**Work item**
Task for the records below: copy exactly from the first line on, stopping once the line with "Vestido Longo em" is copied, and leave out the pictures.

*** Opening Supplied entries ***

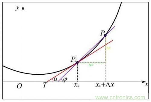 從幾何意義上看,變化率就變成了斜率,這更容易理解怎樣求函數(shù)的最小值。例如下圖中有函數(shù)y=f(x)用粗體黑線表示,其在P0點的變化率就是切線紅線的斜率:
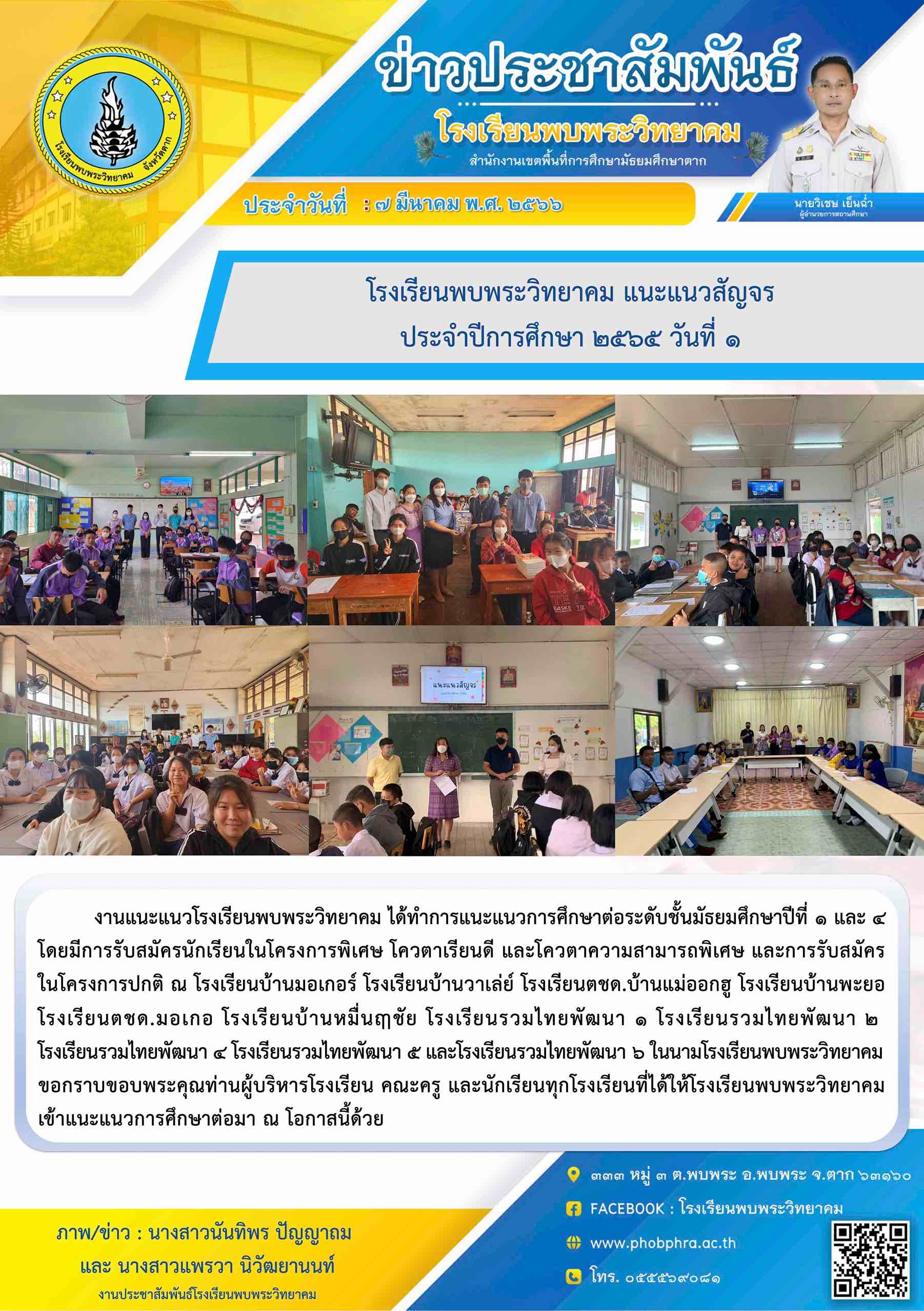 7 มี.ค. 66 แนะแนวสัญจร ประจำปีการศึกษา 65 วันที่ ๑
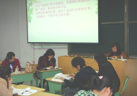 3月1日(星期一)下午,金牛区教研室在北站小学举办了一次全区三年级数学教师的教材培训会。会上,由我校三年级数学组五位老师展示了我校平时集体备课中的一次教研活动,着重就三年级下册教材中“乘法”一单元的内容编排和教学策略上的一些预设进行了探讨。大家围绕主题,踊跃发言,切磋教法、学法,并达成了共识。在整个约40分钟的过程中,现场安静,大家心情愉悦。浓厚的教研氛围得到了教研员曾辉老师的首肯及其他与会老师的赞同。曾辉老师表扬我校教师的教研方式好,研讨效果不错,他说:“在这样的教研氛围中青年教师会成长得很快,这样的氛围是学校整体教学质量的有力保障。”
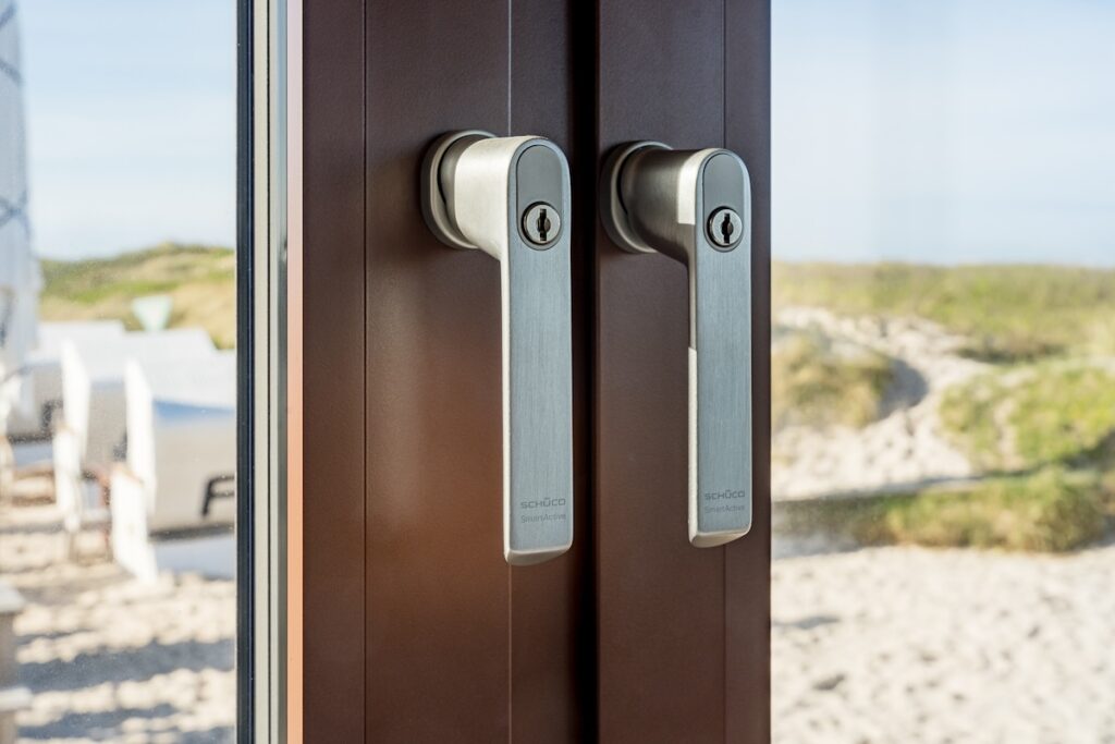 Stavební předpisy týkající se ochrany pobřežních oblastí a dun a požadavky na dostatečnou ochranu proti větru a dešti „vybraly“ pro Sansibar systémy Schüco, na obrázku posuvný systém se zdvihem Schüco ASE 80.HI.
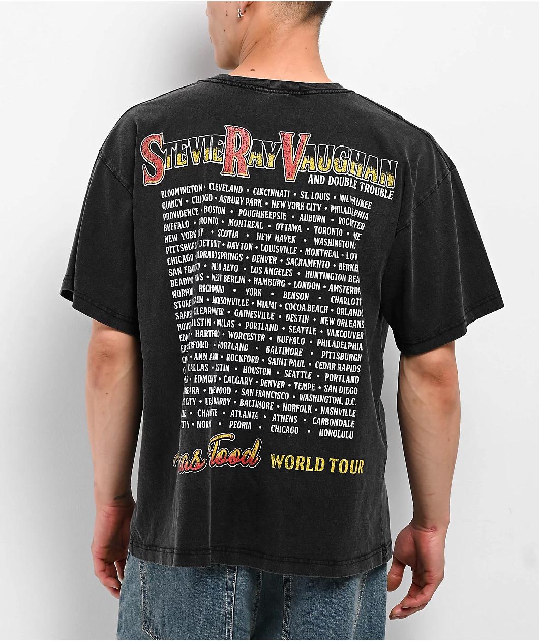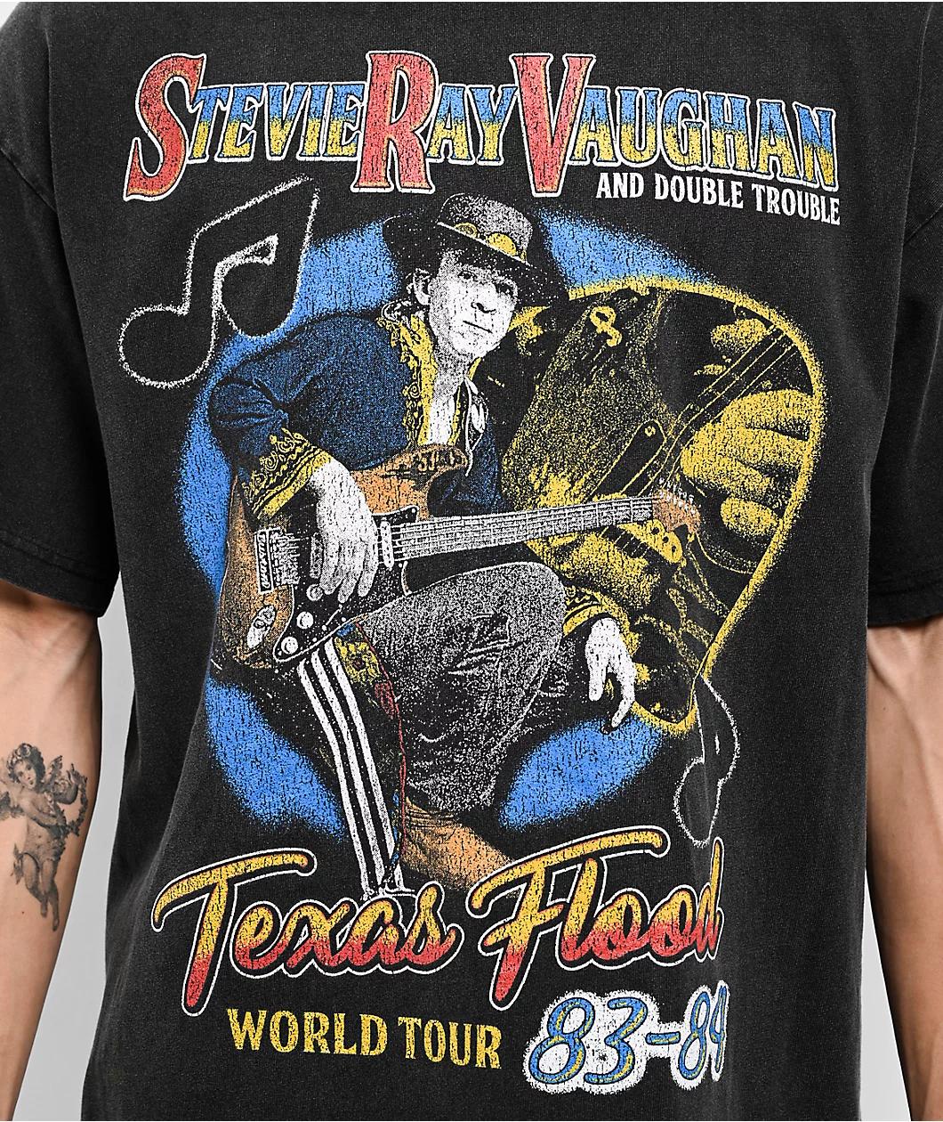 Commemorating a world tour in 1983, the Texas Flood t-shirt from Stevie Ray Vaughn arrives in a solid black cotton build with a washed treatment and distressed graphics to look authentically vintage. The classic rock musician is displayed prominently
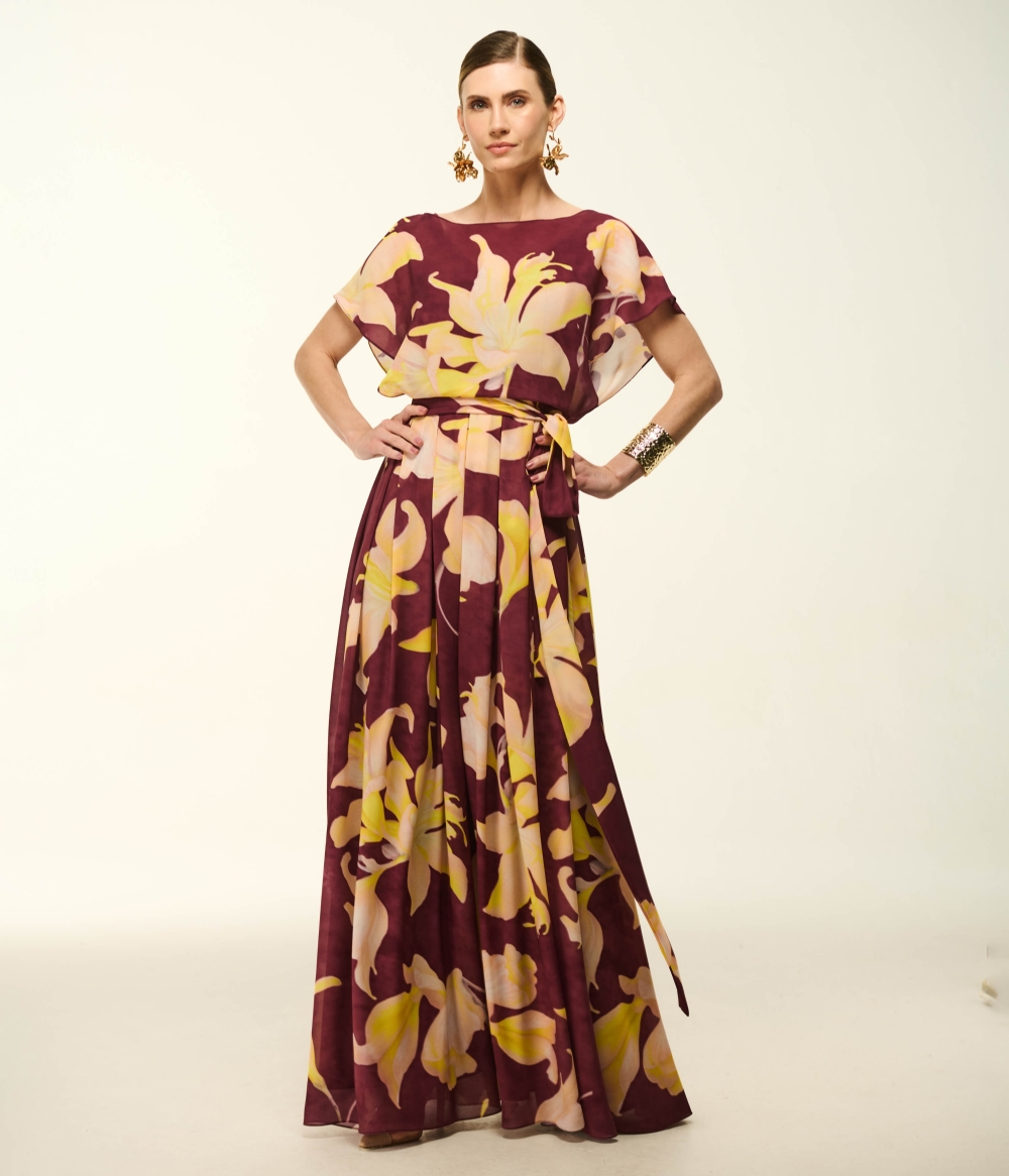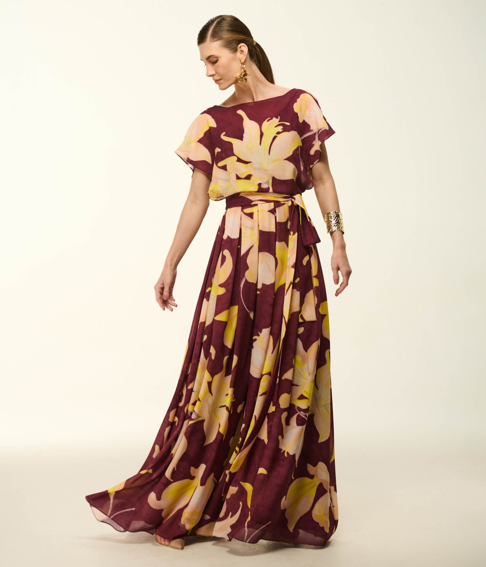 Vestido Longo em Crepe Fluido com Estampa Orquídea Vignon
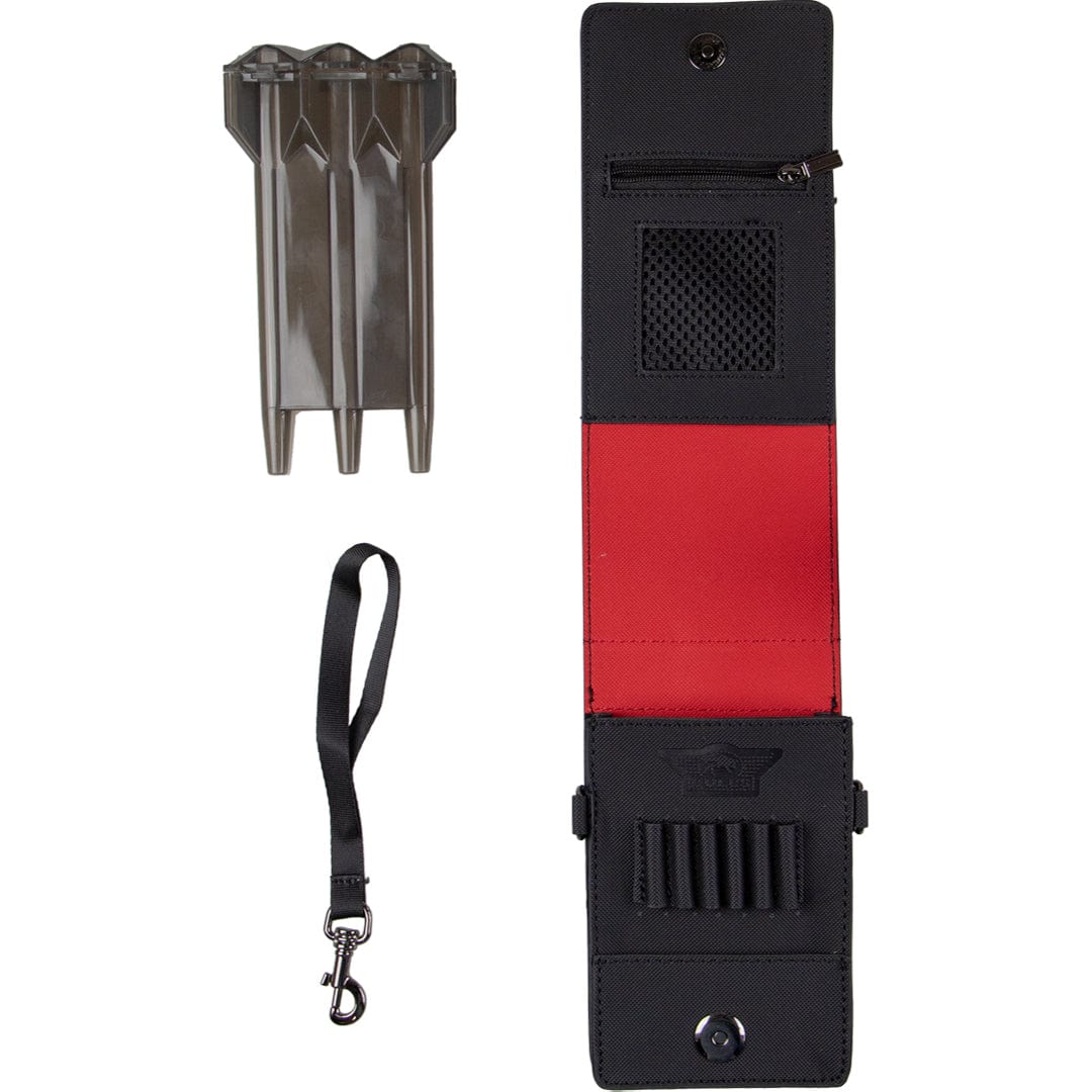 Bulls Space Case - Hard Shell Case - Black. Unleash the power of stellar organization with the new Bull's Space Case Dart Holder! Designed for darters who crave both style and functionality, this cutting-edge dart case will transport your gear into a new dimension of protection and convenience. Crafted from high-quality, impact resistant materials, the Bull's Space Case ensures your darts and accessories remain safe during transport, no matter how bumpy the ride gets. This case is made from harder material giving it more sturdiness. Featuring a sleek, modern black exterior with a cosmic design, this case is as stylish as it is functional. The strong magnetic locking system will prevent your darts falling out but gives it a simplistic look. This comes with a closable dart quiver that will hold a fully completed darts set. It will also hold the popular moulded flights and Robson flights. The case also has multiple compartments to store your flights, shaft, rings, steel points and more.
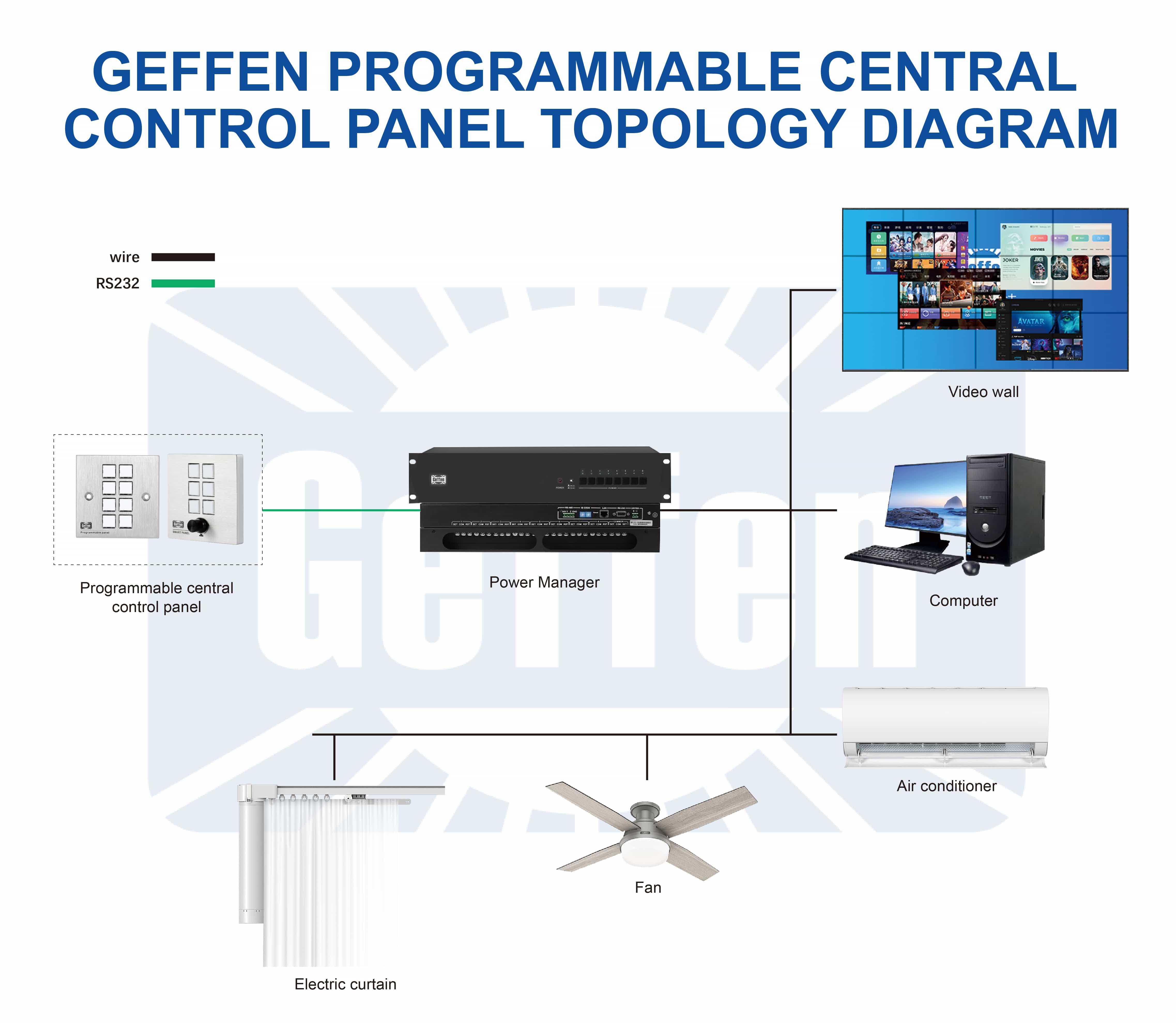 GEFFEN central control series GF-PR6, this customizable control buttonsl panel, has 6 dimmable LED crystal buttons, 1 adjustment knob, each button can be programmed according to the actual situation of the project, and each button can affect each other or be used independently. It has a variety of interfaces: 3 RS232 ports, 1 RS485 port, 3 infrared emission ports, and 2 relay control ports, which are convenient for controlling various devices. It is simple, practical, safe and reliable control mode, and is a good helper for you in conference rooms, exhibition halls, classrooms, multimedia classrooms and other engineering projects.
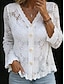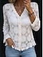 Damen Spitzenbluse Bluse Spitze Knöpfe Einfarbig Elegant Stilvoll Lässig Langarm V Ausschnitt Normale Oberteile Täglich Schwarz Weiß Beige Sommer Frühling Herbst
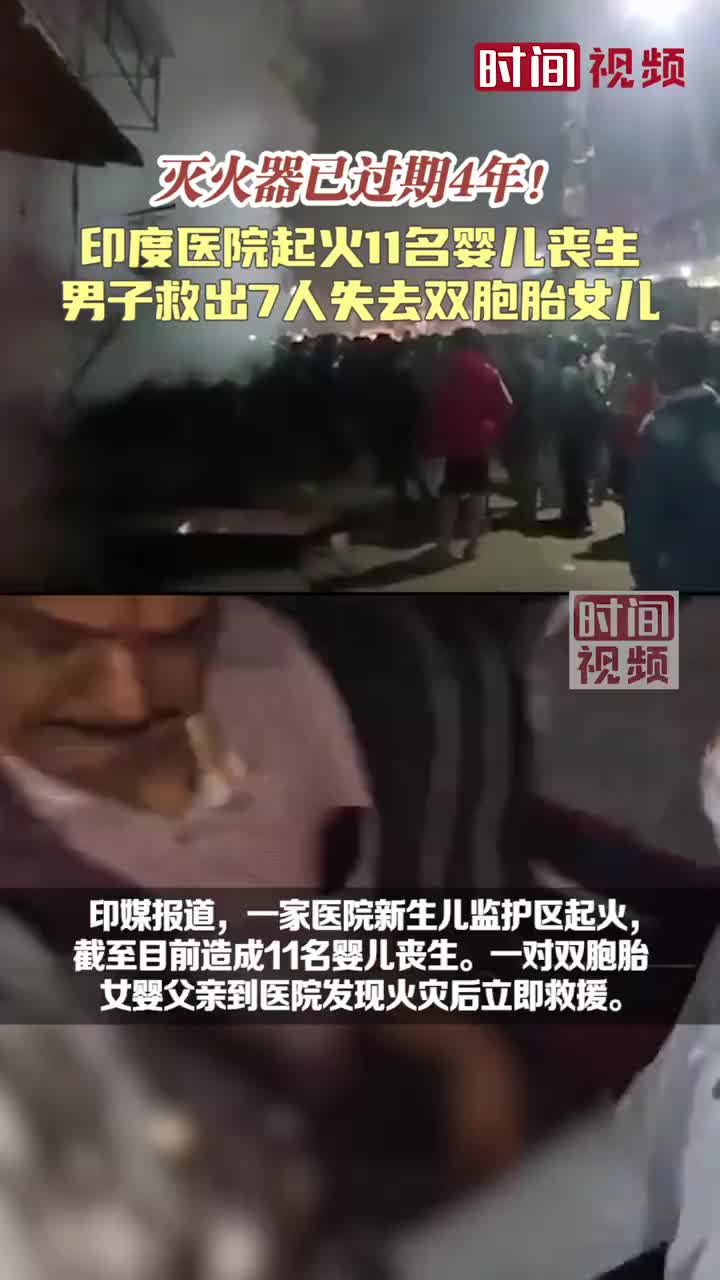 印媒报道,近日,印度北方邦一家医院新生儿监护区起火,截至目前造成11名婴儿丧生。一对双胞胎女婴父亲到医院发现火灾后立即救援。该男子砸破窗户冲进病房救出七名婴儿,却没能救出自己的双胞胎女儿。这令他伤心欲绝。调查显示,火灾由电器短路引起,病房因存放氧气瓶使火势加剧。灭火器早在四年前已经过期。 (via 时间视频)

*** Closing Supplied entries ***

**Your solution**
 從幾何意義上看,變化率就變成了斜率,這更容易理解怎樣求函數(shù)的最小值。例如下圖中有函數(shù)y=f(x)用粗體黑線表示,其在P0點的變化率就是切線紅線的斜率:
 7 มี.ค. 66 แนะแนวสัญจร ประจำปีการศึกษา 65 วันที่ ๑
 3月1日(星期一)下午,金牛区教研室在北站小学举办了一次全区三年级数学教师的教材培训会。会上,由我校三年级数学组五位老师展示了我校平时集体备课中的一次教研活动,着重就三年级下册教材中“乘法”一单元的内容编排和教学策略上的一些预设进行了探讨。大家围绕主题,踊跃发言,切磋教法、学法,并达成了共识。在整个约40分钟的过程中,现场安静,大家心情愉悦。浓厚的教研氛围得到了教研员曾辉老师的首肯及其他与会老师的赞同。曾辉老师表扬我校教师的教研方式好,研讨效果不错,他说:“在这样的教研氛围中青年教师会成长得很快,这样的氛围是学校整体教学质量的有力保障。”
 Stavební předpisy týkající se ochrany pobřežních oblastí a dun a požadavky na dostatečnou ochranu proti větru a dešti „vybraly“ pro Sansibar systémy Schüco, na obrázku posuvný systém se zdvihem Schüco ASE 80.HI.
 Commemorating a world tour in 1983, the Texas Flood t-shirt from Stevie Ray Vaughn arrives in a solid black cotton build with a washed treatment and distressed graphics to look authentically vintage. The classic rock musician is displayed prominently
 Vestido Longo em Crepe Fluido com Estampa Orquídea Vignon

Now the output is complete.